▶ [WHAT YOU ARE ASKED TO DO] From the line containing "上實(shí)-融資工具周報(bào)20180601-20180608 | |||||" to the line containing "Двигайтесь далее, расправляясь" in the entries below, reproduce every line exactly, ends included. Nothing else belongs in the copy, and no pictures.

▶ [DATA UNDER STUDY]
************

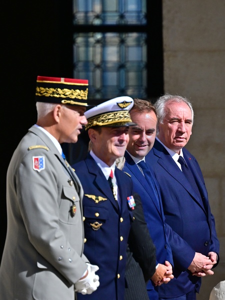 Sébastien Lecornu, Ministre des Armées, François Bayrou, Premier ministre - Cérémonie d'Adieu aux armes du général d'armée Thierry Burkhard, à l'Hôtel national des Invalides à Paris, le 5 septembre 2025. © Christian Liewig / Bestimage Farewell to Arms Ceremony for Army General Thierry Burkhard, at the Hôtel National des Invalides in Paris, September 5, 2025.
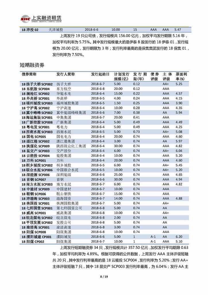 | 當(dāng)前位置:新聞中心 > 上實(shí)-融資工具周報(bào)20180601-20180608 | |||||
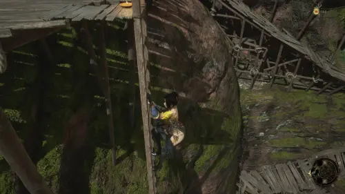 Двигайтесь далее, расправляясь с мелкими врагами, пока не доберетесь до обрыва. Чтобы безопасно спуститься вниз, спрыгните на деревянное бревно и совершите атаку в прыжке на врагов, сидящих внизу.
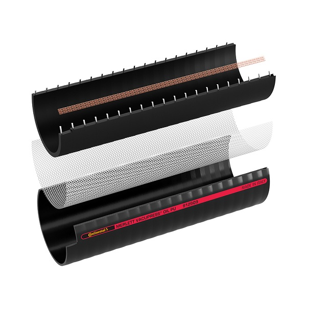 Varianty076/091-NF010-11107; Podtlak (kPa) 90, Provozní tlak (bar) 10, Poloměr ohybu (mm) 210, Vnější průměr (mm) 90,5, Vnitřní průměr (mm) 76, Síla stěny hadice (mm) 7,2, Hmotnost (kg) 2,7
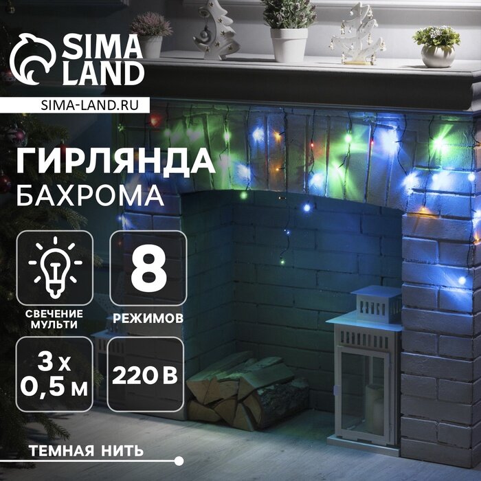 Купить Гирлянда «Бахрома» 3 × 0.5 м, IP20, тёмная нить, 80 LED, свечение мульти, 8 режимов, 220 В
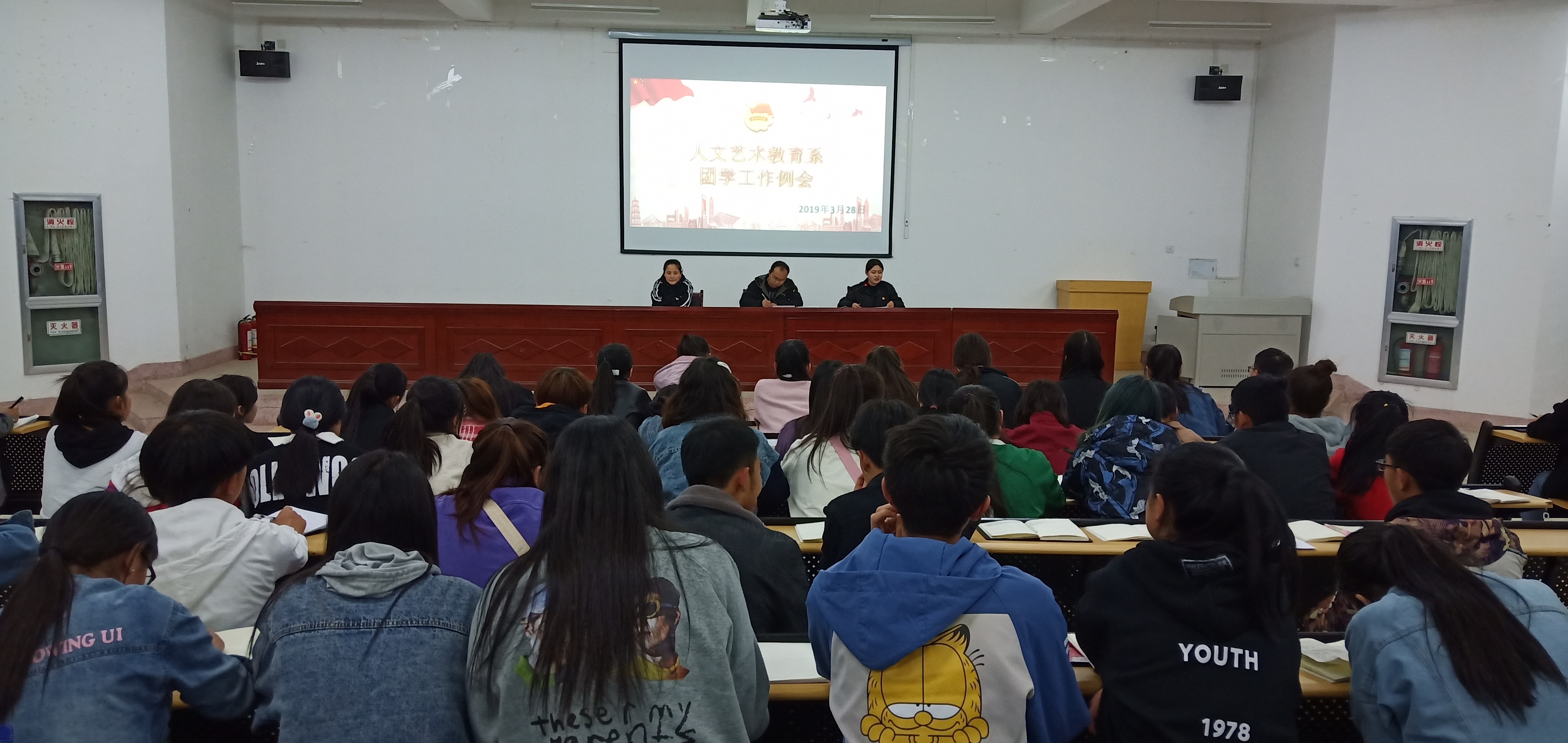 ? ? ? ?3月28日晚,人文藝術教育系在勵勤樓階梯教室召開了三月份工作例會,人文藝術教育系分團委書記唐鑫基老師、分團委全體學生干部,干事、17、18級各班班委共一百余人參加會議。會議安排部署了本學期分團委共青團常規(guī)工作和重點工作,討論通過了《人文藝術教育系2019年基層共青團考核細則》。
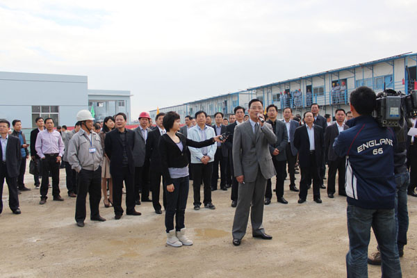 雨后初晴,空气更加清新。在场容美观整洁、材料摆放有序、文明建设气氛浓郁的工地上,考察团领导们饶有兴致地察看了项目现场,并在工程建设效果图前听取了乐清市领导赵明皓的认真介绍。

************

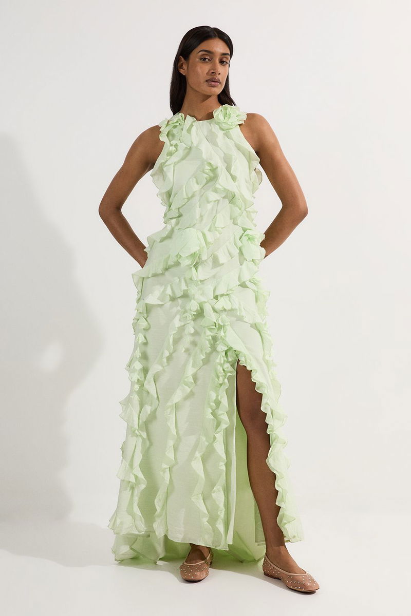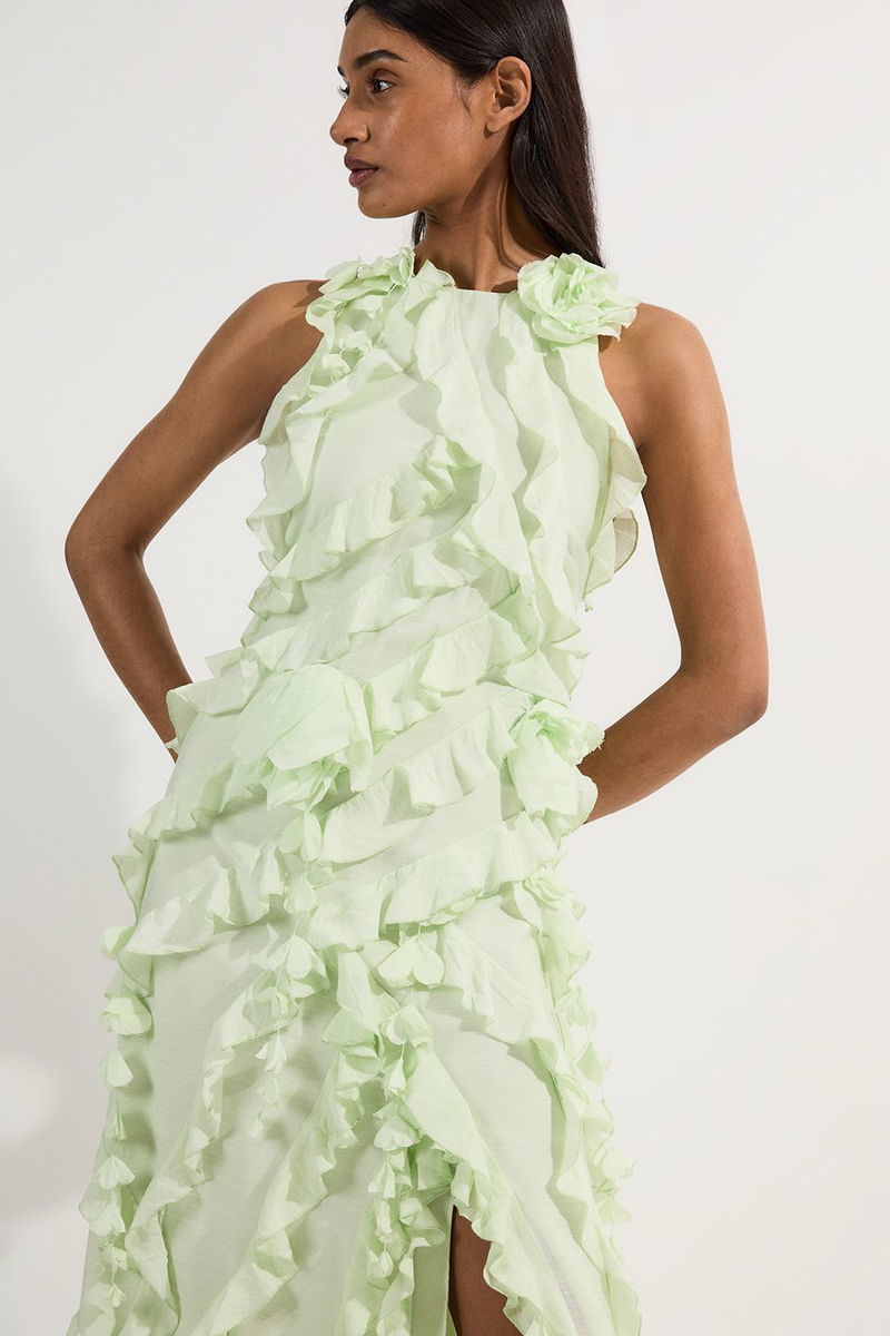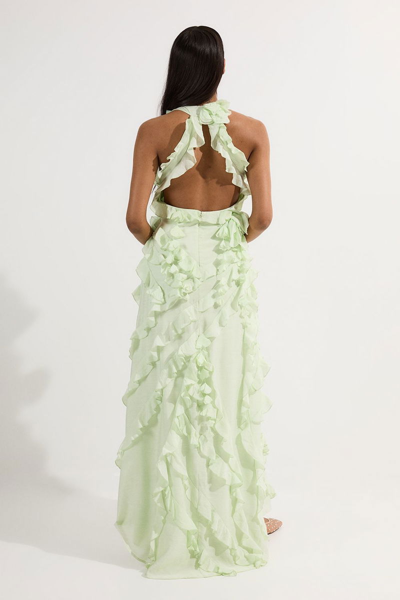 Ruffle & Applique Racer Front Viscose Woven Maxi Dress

************

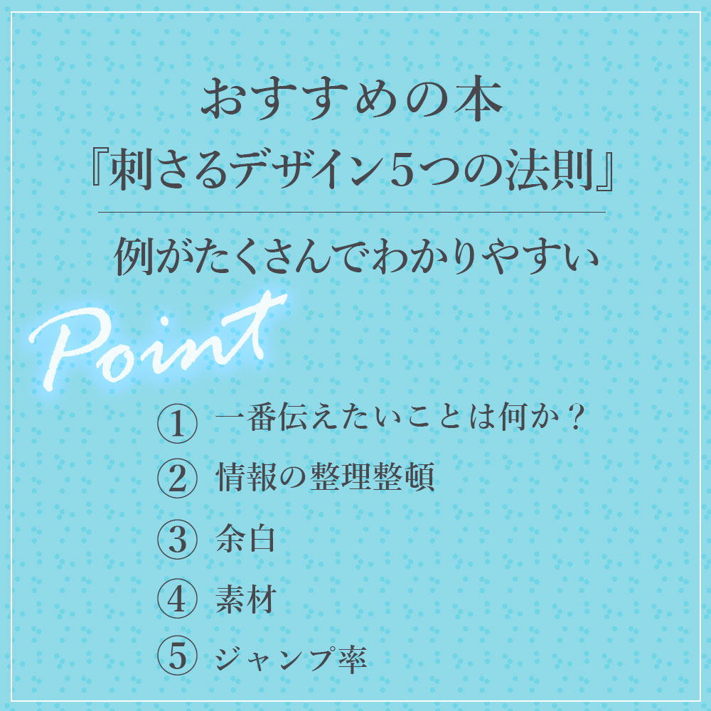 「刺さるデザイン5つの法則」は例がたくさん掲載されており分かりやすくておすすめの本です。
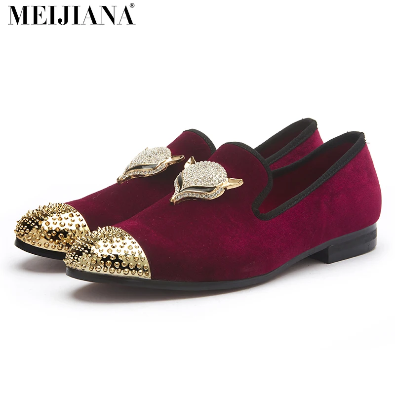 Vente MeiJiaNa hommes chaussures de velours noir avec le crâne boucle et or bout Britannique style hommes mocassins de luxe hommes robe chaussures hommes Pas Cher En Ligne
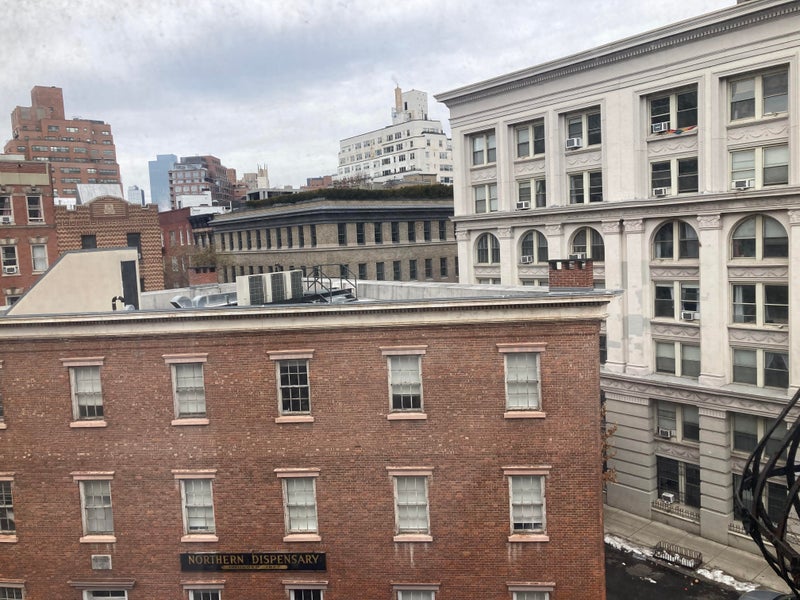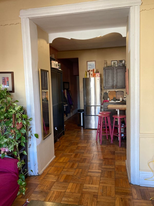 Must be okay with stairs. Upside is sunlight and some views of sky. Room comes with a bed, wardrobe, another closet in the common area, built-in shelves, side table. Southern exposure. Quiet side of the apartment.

************

▶ [YOUR SOLUTION]
 | 當(dāng)前位置:新聞中心 > 上實(shí)-融資工具周報(bào)20180601-20180608 | |||||
 Двигайтесь далее, расправляясь с мелкими врагами, пока не доберетесь до обрыва. Чтобы безопасно спуститься вниз, спрыгните на деревянное бревно и совершите атаку в прыжке на врагов, сидящих внизу.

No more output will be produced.